**What the task requires**
A precise copy of the data is required, with every picture left out.

**Exercise data**

○ ○ ○ ○ ○

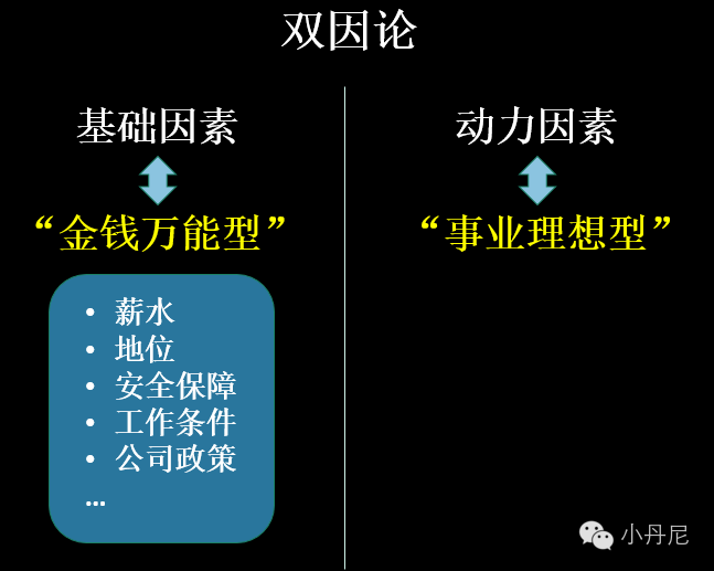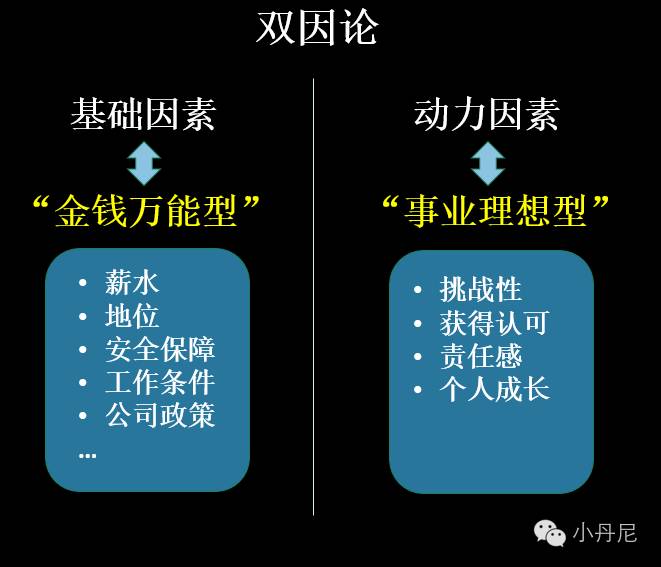 心理学家Frederick Herzberg提出的“双因论”,认为引起人们工作动机的因素主要有两个:“基础因素 ”和“动力因素”。
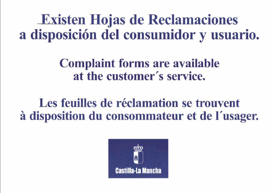 Así mismo, todos los establecimientos tiene que exhibir al público de manera permanente y visible el cartel anunciador de la existencia de hojas de reclamaciones.
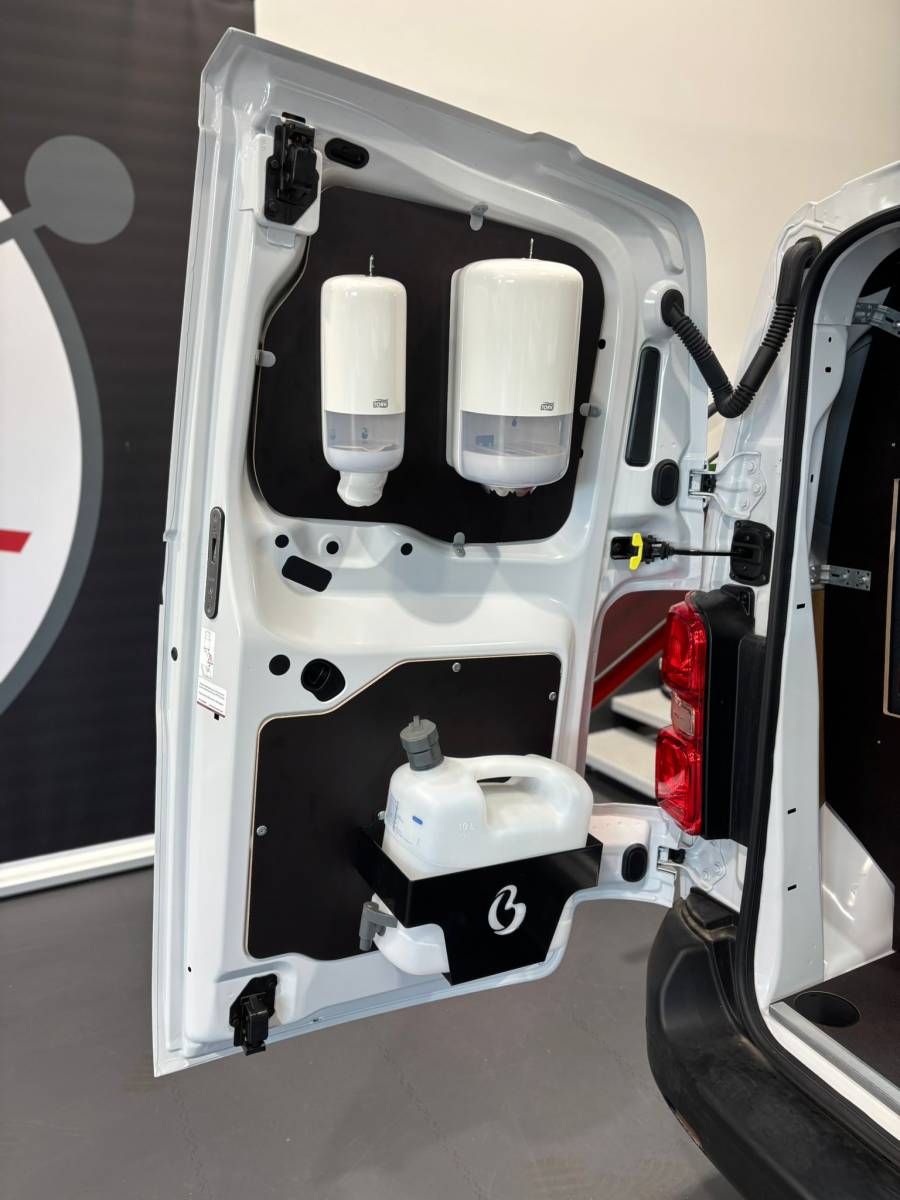 • Mise en place d’un distributeur de savon et d’un essuie-mains : un système d’hygiène embarqué afin de permettre aux utilisateurs de se laver les mains directement dans le véhicule, un atout essentiel pour les interventions techniques ou salissantes.

○ ○ ○ ○ ○

**Written response**
 心理学家Frederick Herzberg提出的“双因论”,认为引起人们工作动机的因素主要有两个:“基础因素 ”和“动力因素”。
 Así mismo, todos los establecimientos tiene que exhibir al público de manera permanente y visible el cartel anunciador de la existencia de hojas de reclamaciones.
 • Mise en place d’un distributeur de savon et d’un essuie-mains : un système d’hygiène embarqué afin de permettre aux utilisateurs de se laver les mains directement dans le véhicule, un atout essentiel pour les interventions techniques ou salissantes.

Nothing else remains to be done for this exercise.